16 I am satisfied for the purposes, therefore, that I should regard the use of the whole of that nearly 20,000 m sq or so of the property upon which his house is located as being used for the purposes of residential accommodation or activities necessarily ancillary to or linked to that use as residential accommodation and therefore forming part of that use.

17 I am equally satisfied that the remainder of the property, some 2,000 m sq or so in area, is used for the purposes of the intensive use as a nursery. The permitted use of that element of the site, pursuant to the commercial lease entered into by Mr Prior with the company that is the proprietor of the nursery, is for its use as a garden centre for the supply of greenstock, associated garden dry goods and hardware, furniture sales, sales of giftware, conducting gardening classes and related functions.

18 In resisting the proposition that the land should be regarded as having its dominant use as being for residential accommodation, Mr Cork, solicitor on behalf of the council, has in the council’s Statement of Facts and Contentions in Reply particularised a number of matters upon which the council relies. These are set out below.


      (a) The road frontage of the land presents as commercial premises. A large advertising structure and carpark dominate the road frontage;
      (b) The road frontage of the land is fenced and landscaped. The major entrance to the land is through the Longview Garden Centre sales area, located in a substantial building at the road frontage;
      (c) The dwelling house on the land is not visible from the highway;
      (d) Within the commercial nursery, the premises include displays of plants and garden related products, within a highly developed and landscaped setting;
      (e) The nursery includes a building known as the "barn" within which items, including furniture, are offered for sale;
      (f) The nursery is currently the subject of registered commercial Lease AD518022A (relating to part Lot 101) under which a rental in excess of $43,800. 00 per annum is payable by the lessee to the Applicant, and which confers upon the lessee the option to take up two further leases for successive 5 year terms, giving a potential lease term of 15 years;
      (g) The area of the land occupied by the commercial nursery exceeds the area of land occupied by the residence, including the landscaped yard and garden of the residence;
      (h) The nursery operates 7 days per week, between the hours of 9am and 5pm;
      (i) The permitted use of the nursery under the lease is: "Garden Centre for the supply of greenstock, associated garden dry goods and hardware, furniture sales, sale of giftware, conducting gardening classes and related functions."
      (j) The majority of the land within Lots I and 2 is natural bushland, in an undeveloped state.

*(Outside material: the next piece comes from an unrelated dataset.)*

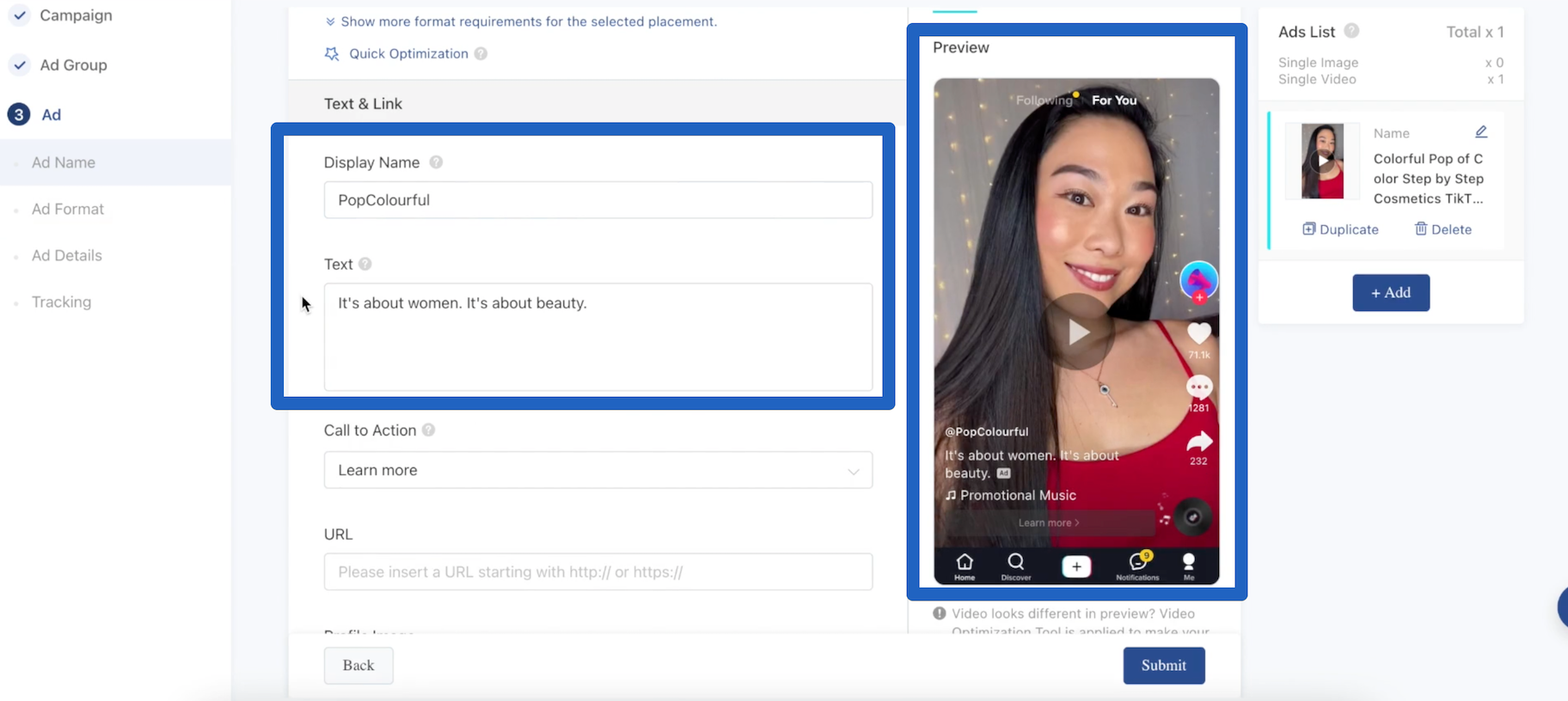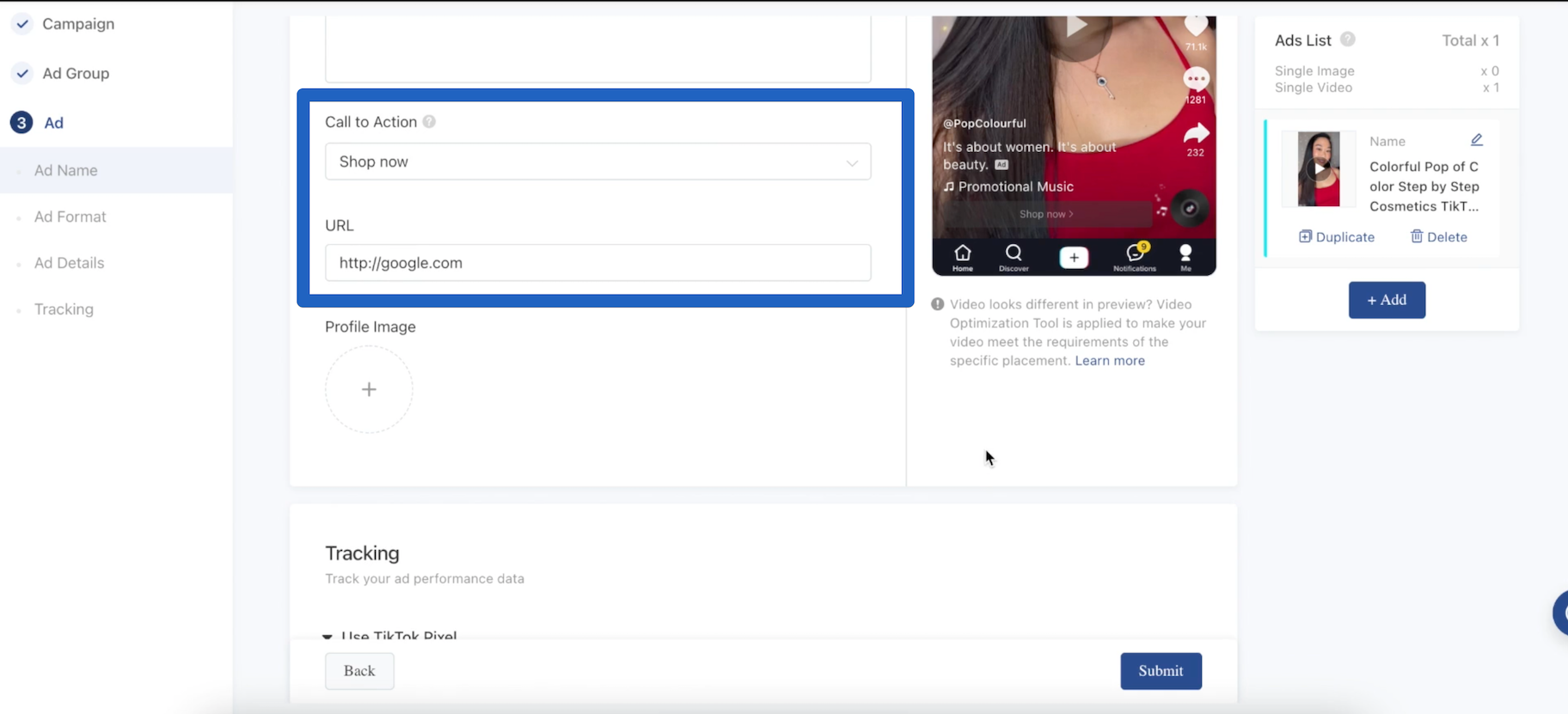 If you have run a Facebook Ad before, you will quickly start to understand the terminology and how everything works here. However, creating an Ad Campaign means that you’ll be creating a new ad where you will target specific demographics of people, as well as advertising your product URL and adding your ad creative (video).

19 There are a number of matters put contra to that by Mr Doyle on behalf of the applicant. The first is the issue of the ratio of the uses one to the other. The second is the question of the appearance of the property from the public road, a matter to which I will return. The third is the question of two valuations which have been provided that indicate that the residential portion of the property has had, at two times in the past, significantly higher value than the value ascribed to the nursery element of the property and, finally, that there would be the opportunity on the two undeveloped lots, being lots 1 and 2 in Deposited Plan 1275506, of constructing residences on those allotments at some time in the future. I will conveniently deal with the latter two of those matters first.

20 The fact that at some stage in the future the two vacant allotments which I have held to be the subject of a present residential accommodation use might have separate residences constructed on them at some time in the future is not in my view a matter of import in these proceedings as I am dealing with the question of the present categorisation of the land rather than what might be some future categorisation of it. It is, however, a matter that has some potential impact in the nature of the orders that I might frame to give effect to my decision so as to ensure that any categorisation I might make would be subject to some future review by the council if the use were to change in some fashion or if the land were to be divided in some form.

21 The second matter is that I receive little assistance, in my view, from the question of the valuation. The earlier decisions have not taken regard to valuation information, they have had in at least one instance some regard to economic activity levels but certainly I do not have any indication that there has been such valuation material provided – in any event, at least one of the valuations was for a purpose unrelated to a conventional valuation (dealing with a compulsory acquisition of portion of the land for road widening). I have found them of very little assistance.

22 However, I return to the matters that were dealt with by Pearlman CJ in McKenzie. The three matters that she dealt with are: space occupied, time spent in occupation and layout.

23 There is no doubt, as it is agreed on the evidence, that the ratio of space occupied – one use to the other – is nine in favour of residential as opposed to one in favour of the business occupation. In each of McKenzie, Jakd and Taylor the decision appears to have been in favour of the significantly proportionate larger use (in both Taylor and McKenzie as to the area of land occupied and in Jakd as to the proportion of the building occupied). That, in my view, is a significant factor in favour of Mr Prior’s contention – setting aside questions of time operation of any decision on characterisation.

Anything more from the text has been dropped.